Petropolis, screenshot: environmentalobservatory.net/Petropolis/map
Petropolis, screenshot: environmentalobservatory.net/Petropolis/map

Tünde Mariann Varga: For me, the ideas of your recent texts2 show a complex way of how art and activism can mutually reinforce each other. This complexity is manifest in the map you produced on Chicago’s petrol based industrial areas, which also seems to promote an evolving network of ideas that could help people to be aware of the origins of their local problems (in this case, the damages of the oil industry) and be more active in standing up for themselves against profit-based interests with often devastating outcomes. Can you tell me about the map and the reasons for creating it?

Brian Holmes: I began to make an extensive map of the petroleum economy in the Chicago metropolitan area. I started it because there were social movements in Chicago fighting against a petroleum waste product called “petcoke” that had become a real problem for people living in the neighborhoods near the refinery. I have always been active in such movements, and as an intellectual, I try to make something useful in activist terms.
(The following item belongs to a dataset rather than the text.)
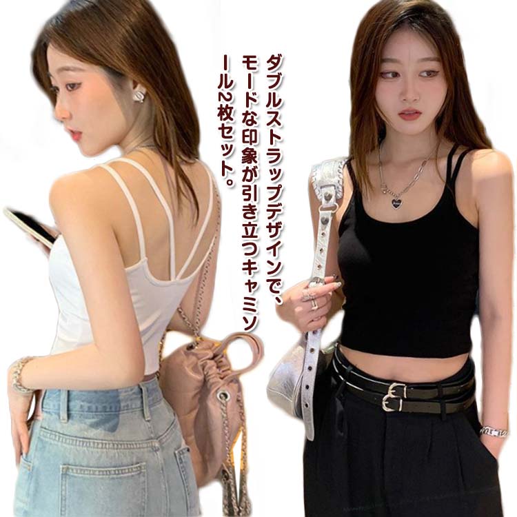 送料無料 2点セット キャミソール レディース 夏 カップ付き ダブルストラップ 美背キャミソール 見せキャミ ショート丈 おしゃれ シンプル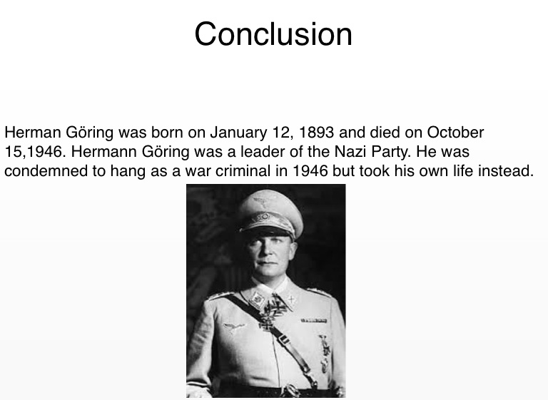 Herman Göring was born on January 12, 1893 and died on October 15,1946. Hermann Göring was a leader of the Nazi Party. He was condemned to hang as a war criminal in 1946 but took his own life instead.

So, I designed the map to give people information about their own city, but also about the current political economy. The local problem is part of a much larger one, namely our dependency on the increasingly intensive use of oil, which is ultimately an ecological death threat, it’s actually suicidal. I wanted to show the full scale of the extractive economy and the corporate power it creates. In particular, this map shows how our daily lives in Chicago are connected to the tar sands oil extraction region of Canada, which is often called the most environmentally destructive project on earth. The map is a way to bring awareness to the people about where that oil comes from, and what kind of economy it is connected to.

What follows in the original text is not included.